Luther always adhered obstinately to the idea, which ultimately passed into a standing tradition with many of his followers, that no one had been willing to dispute with him at Worms or elsewhere during the period of his outlawry; that he had, in fact, been condemned unheard; that his opponents had sought to vanquish him by force, not by confronting him with proofs, and had obstinately shut their ears to his arguments from Holy Scripture. He finally came to persuade himself, that they were in their hearts convinced that he was right, but out of consideration for their temporal interests had not been willing or able to give in.
He expressly mentions Duke George of Saxony, as an opponent who had taken up the latter position, also the influential Archbishop Albrecht of Mayence, and, above all, Johann Eck. “Is it not obdurate wickedness,” he exclaims in one of his outbursts, “to be the enemy of, and withstand, what is known and recognised as true? It is a sin against the first Commandment and greater than any other. But because it is not their invention they look on it as nought! Yet their own conscience accuses them.”[166] In another passage, in 1528, he complains of the persecutors in Church and State who appealed to the edict of Worms; “they sought for an excuse to deceive the simple people, though they really knew better”; if they act thus, it must be right, “were we to do the same, it would be wrong.”[167]
Yet,even from the vainglorious so-called “Minutes of the Worms Negotiations” (“Akten der Wormser Verhandlungen”), published immediately after at Wittenberg with Luther’s assistance,[168] it is clear that the case was fully argued in his presence at Worms, and that he had every opportunity of defending himself, though, from a legal point of view, the Bull of Excommunication having already been promulgated, the question was no longer open to theological discussion. In these “Minutes” the speeches he made in his defence at Worms are quoted. Catholic contemporaries even reproached him with having allowed himself to be styled therein “Luther, the man of God”; his orations are introduced with such phrases as: “Martin replied to the rude and indiscreet questions with his usual incredible kindness and friendliness in the following benevolent words,” etc.[169]
In order still further to magnify the bravery he displayed at Worms, Luther stated later on that the Pope had written to Worms, “that no account was to be made of the safe-conduct.”[170] As a matter of fact, however, the Papal Nuncios at Worms had received instructions to use every effort to prevent Luther being tried in public, because according to Canon Law the case was already settled; if he refused to retract, and came provided with a safe-conduct, nothing remained but to send him home, and then proceed against him with the utmost severity.[171] It was for this reason, according to his despatches, that Aleander took no part in the public sessions at which Luther was present.
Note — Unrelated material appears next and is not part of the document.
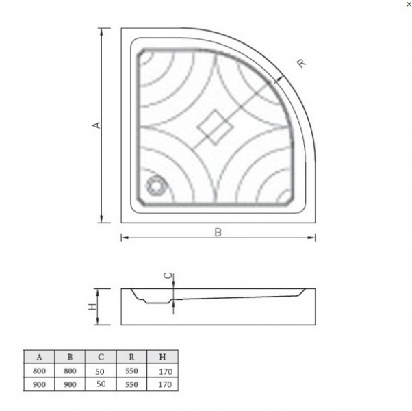 - Размер: 900х900х170 мм

Only after Luther, on the return journey, had sent back the herald who accompanied him, and had openly infringed the conditions of the Imperial safe-conduct, did Aleander propose “that the Emperor should have Luther seized.”[172]
Luther, from the very commencement, stigmatised the Diet of Worms as the “Sin of Wormbs, which rejected God’s truth so childishly and openly, wilfully and knowingly condemned it unheard”;[173] to him the members of the Diet were culpably hardened and obdurate “Pharaohs,” who thought Christ could not see them, who, out of “utterly sinful wilfulness,” were determined “to hate and blaspheme Christ at Wormbs,” and to “kill the prophets, till God forsook them”; he even says: “In me they condemned innocent blood at Wormbs; … O thou unhappy nation, who beyond all others has become the lictor and executioner of End-Christ against God’s saints and prophets.”[174] An esteemed Protestant biographer of Luther is, however, at pains to point out, quite rightly, that the Diet could “not do otherwise than condemn Luther.” “By rejecting the sentence of the highest court he placed himself outside the pale of the law of the land. Even his very friends were unable to take exception to this.” It is, he says, “incorrect to make out, as so many do, that Luther’s opponents were merely impious men who obstinately withstood the revealed truth.” This author confines himself to remarking that, in his own view, it was a mistake to have “pronounced a formal sentence” upon such questions.[175]
That Luther, at the Diet of Worms, bore away the palm as the heroic defender of entire freedom of research and of conscience, and as the champion of the modern spirit, is a view not in accordance with a fair historical consideration of the facts.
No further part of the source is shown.